Thus, using quality indicators (e.g., SNR), subband filters for subband speech processing are adaptively chosen. If the quality indicator is below a threshold for a subband channel, the channel's contribution to the reconstruction is thrown out in a bias-variance trade-off for reducing overall MSE.
Referring next to FIG. 3, a block diagram of the system of the present invention is shown.
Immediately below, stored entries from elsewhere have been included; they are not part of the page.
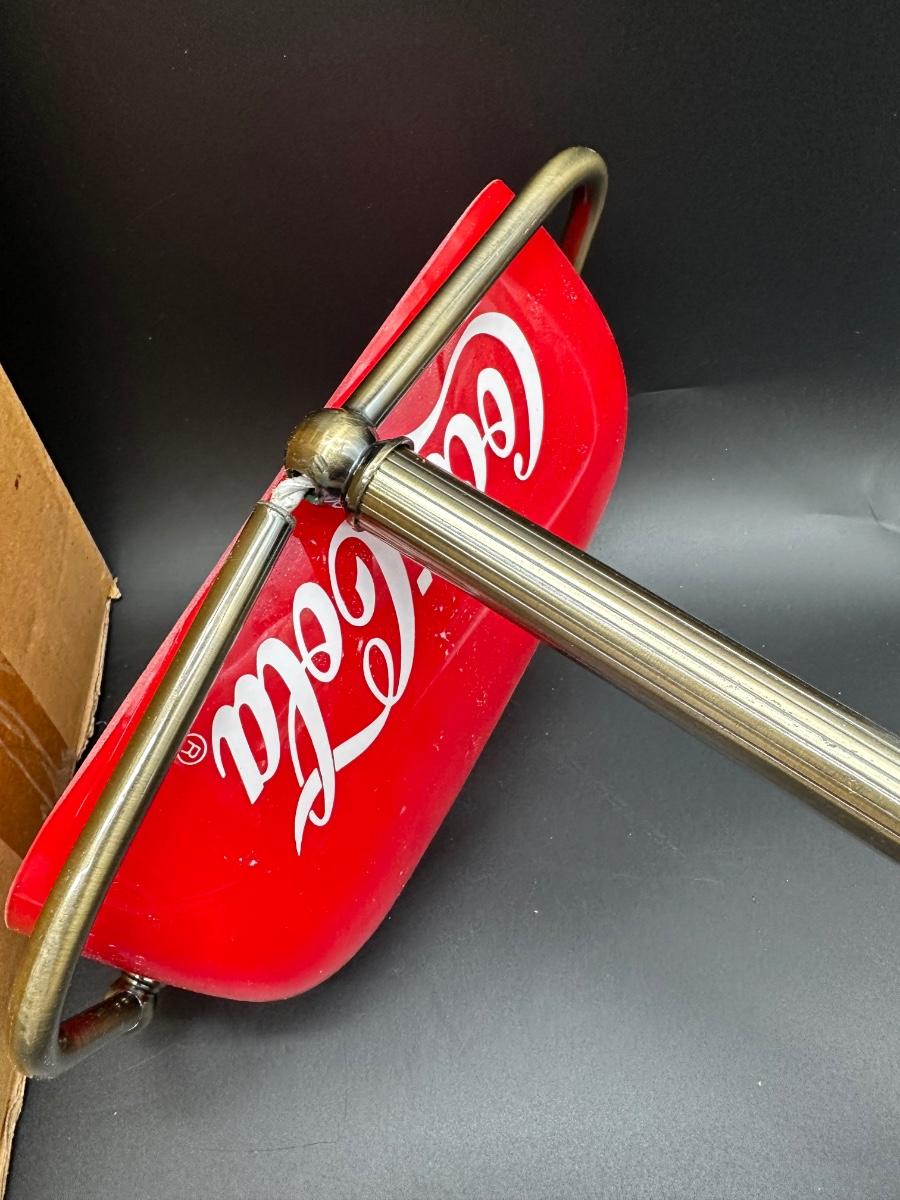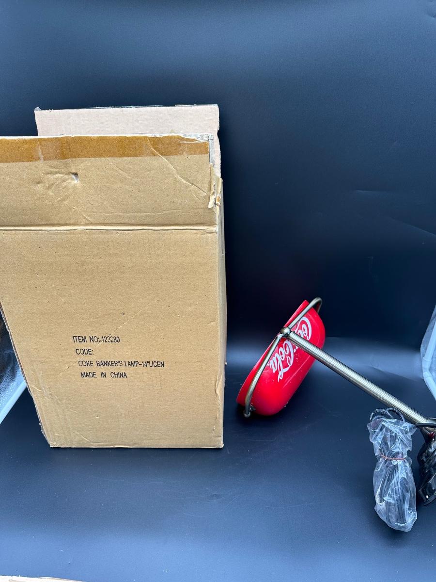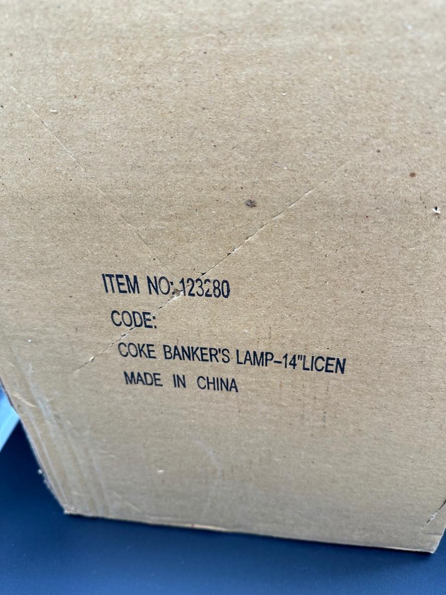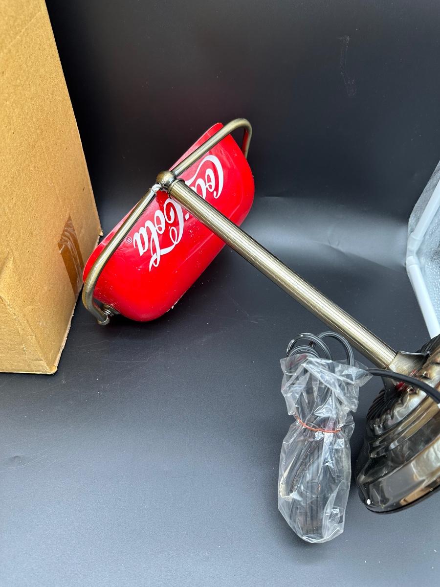 This is a modern licensed reproduction, made in China (not vintage). The lamp appears unused, but the shade mounting/arm joint needs attention — see photos. Likely a simple repair or tightening for someone handy. Great piece for a desk, office, bar, or Coca-Cola themed display once repaired.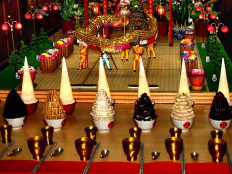 The food customs in each place for the festival are not necessarily the same but are all called having propitious food. Dumplings, noodles, deep-fried twisted dough sticks and wontons are mostly included, among which the most famous is the Qiaoguo (Fried Thin Paste).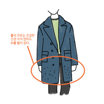 유행에 맞춰서 짧은 기간 입을 코트| 당연히 폴리나 아크릴로 만든 코트를 사도 괜찮다. 폴리와 아크릴로 만든 코트를 추천하지 않는 이유는 바로 오래 입으면 너덜너덜해지고, 보풀 밭이 되기 때문이다. 보풀을 자주 제거를 해줘도 그 과정에서 천이 손상된다. 결국 옷이 더 해지게 된다. 하지만 1-2년 입는 용도의 코트라면 비싼 돈 주고 모직 코트를 살 필요는 없다고 본다. 폴리와 아크릴도 처음 구매하고 입은 지 얼마 되지 않았을 때는 멋있어 보인다.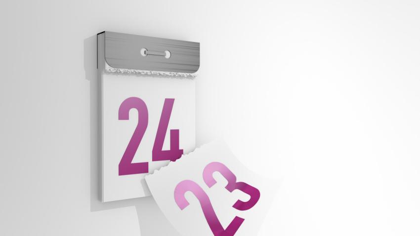 3d rendering of a minimalistic tear-off calendar. 3d illustration of changing days from 23 to 24. Falling page of the past day.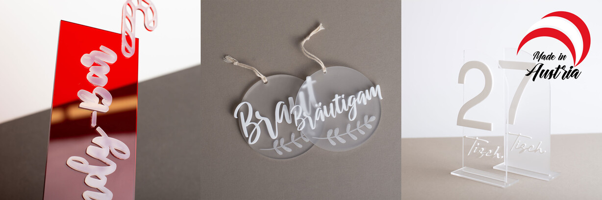 Hier finden Sie einige fertige Vorlagen zur Ansicht. Wir können jede Form und jede Gestaltung auf die verschiedensten Materialien erzeugen. Fragen Sie uns gerne an. Wir kümmern uns persönlich um Ihr Anliegen. Tel. +43 664/7500 98 43 oder info@coole-eventideen.com.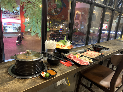 Read moreQuán có 3 tầng lầu, không gian mỗi tầng có sức chứa khoảng 25 người. Quán thiết kế xinh xắn, ấm cúng, có view nhìn ra bên ngoài cũng khá xinh. Nhân viên lễ phép, thân thiện, phục vụ tương đối nhanh nhẹn. Nên book trc và order đồ trước để ra đến nơi được lên đồ luôn. Vì giờ cao điểm quán khá đông. Nước dùng thì không quá rõ vị, suất ăn vừa phải đúng đủ cho 1 người (lẩu một người), một suất lẩu bao gồm 1 nồi lẩu nhỏ 1 người, ăn kèm bò/gà/heo và rau (nấm đùi gà,nấm hương, nấm kim châm, ngô ngọt, rau kiếng, bắp cải, cải thảo, cà chua, đậu phụ, váng đậu). Suất lẩu kèm theo 1 gói mỳ tôm, nếu muốn ăn tinh bột khác thì sẽ gọi tính thêm tiền (udon, miến) . Quán cho thanh toán bằng tiền mặt, chuyển khoản và...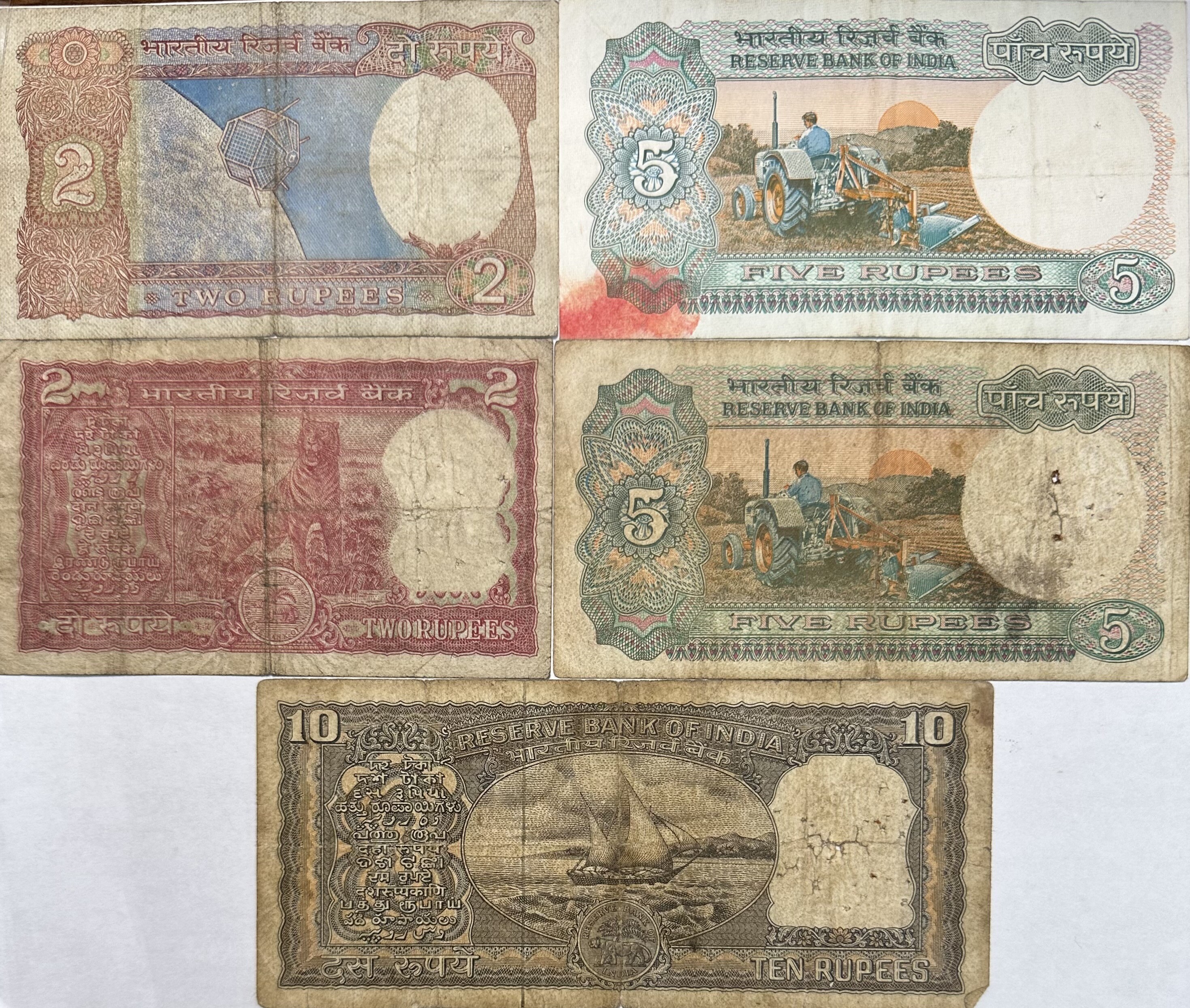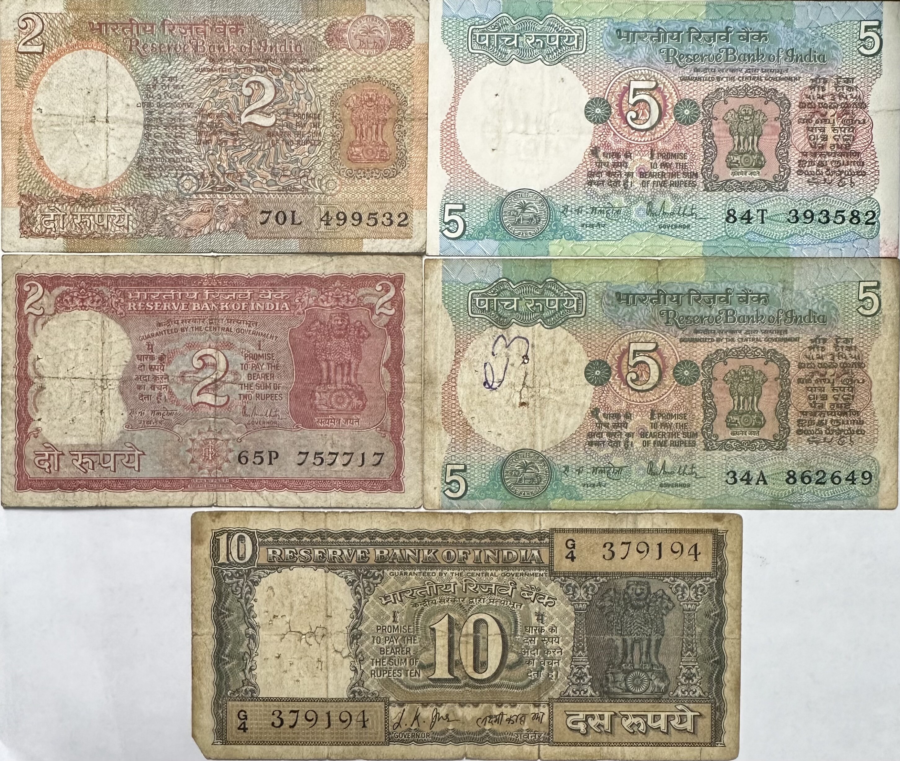 India Paper Currency - (2) 2 and 5 Rupee and (1) 10 Rupee Banknotes - 5 Notes

As seen therein, a corrupted speech signal (30) is transmitted to a decomposer (32). As previously discussed with respect to the method of the present invention, decomposer (32) decomposes speech signal (30) into a plurality of subbands. As also previously discussed, such decomposing is preferably accomplished by a performing a discrete Fourier transform on speech signal (30). However, other transform functions which well-decompose speech signal (30) into approximately orthogonal components may also be used, such as a KLT.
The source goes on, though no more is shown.